## Work to be completed
The task calls for the lines below from the line with "Đây là bản xem" to the line with "At this point", both ends included, copied exactly, without any pictures.

## Provided information
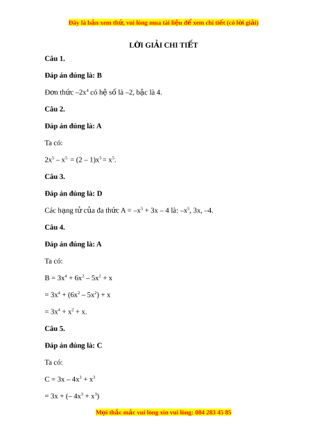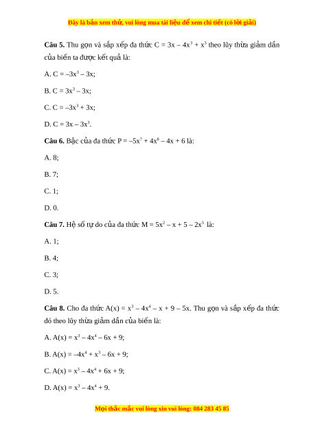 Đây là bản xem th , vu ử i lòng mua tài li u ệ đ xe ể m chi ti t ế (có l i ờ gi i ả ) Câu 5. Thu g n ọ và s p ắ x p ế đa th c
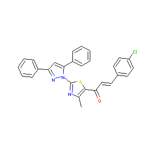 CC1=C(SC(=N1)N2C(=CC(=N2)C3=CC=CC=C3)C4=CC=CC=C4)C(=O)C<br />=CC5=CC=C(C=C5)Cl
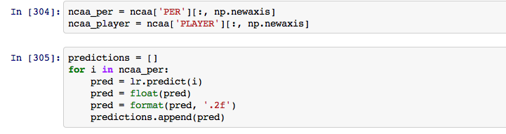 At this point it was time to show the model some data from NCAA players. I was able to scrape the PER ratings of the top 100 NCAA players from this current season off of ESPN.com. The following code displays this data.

==

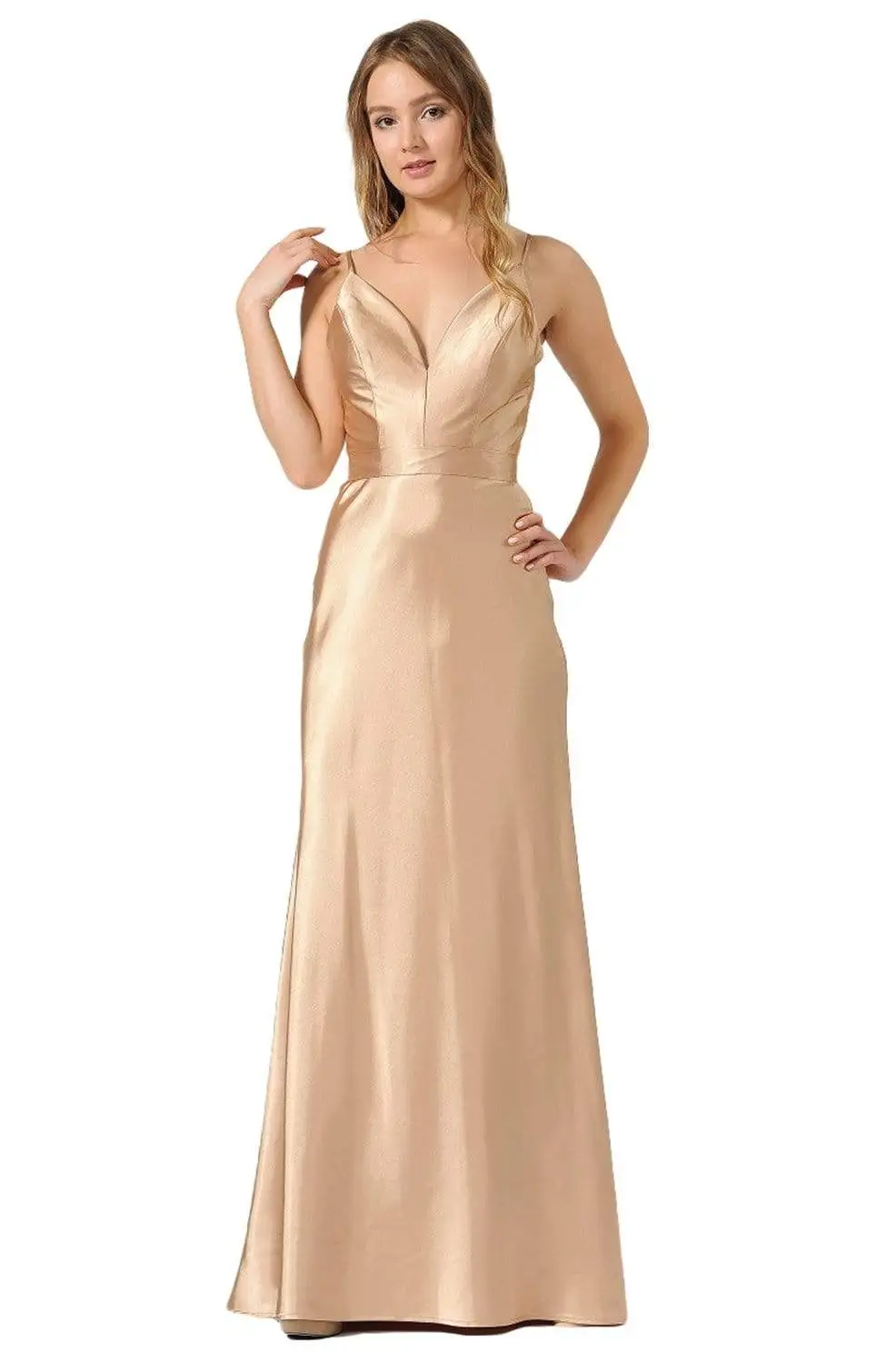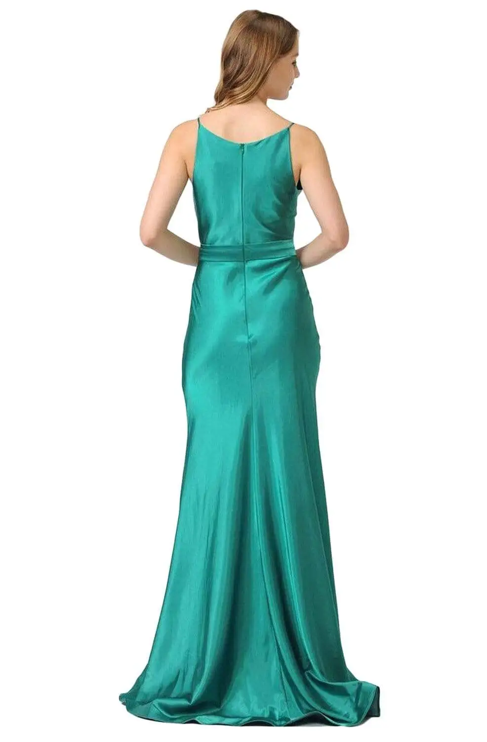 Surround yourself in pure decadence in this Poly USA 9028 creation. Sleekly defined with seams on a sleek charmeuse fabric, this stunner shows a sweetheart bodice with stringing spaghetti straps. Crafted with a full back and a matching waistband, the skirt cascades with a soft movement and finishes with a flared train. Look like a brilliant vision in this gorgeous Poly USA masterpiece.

## Answer area
 Đây là bản xem th , vu ử i lòng mua tài li u ệ đ xe ể m chi ti t ế (có l i ờ gi i ả ) Câu 5. Thu g n ọ và s p ắ x p ế đa th c
 CC1=C(SC(=N1)N2C(=CC(=N2)C3=CC=CC=C3)C4=CC=CC=C4)C(=O)C<br />=CC5=CC=C(C=C5)Cl
 At this point it was time to show the model some data from NCAA players. I was able to scrape the PER ratings of the top 100 NCAA players from this current season off of ESPN.com. The following code displays this data.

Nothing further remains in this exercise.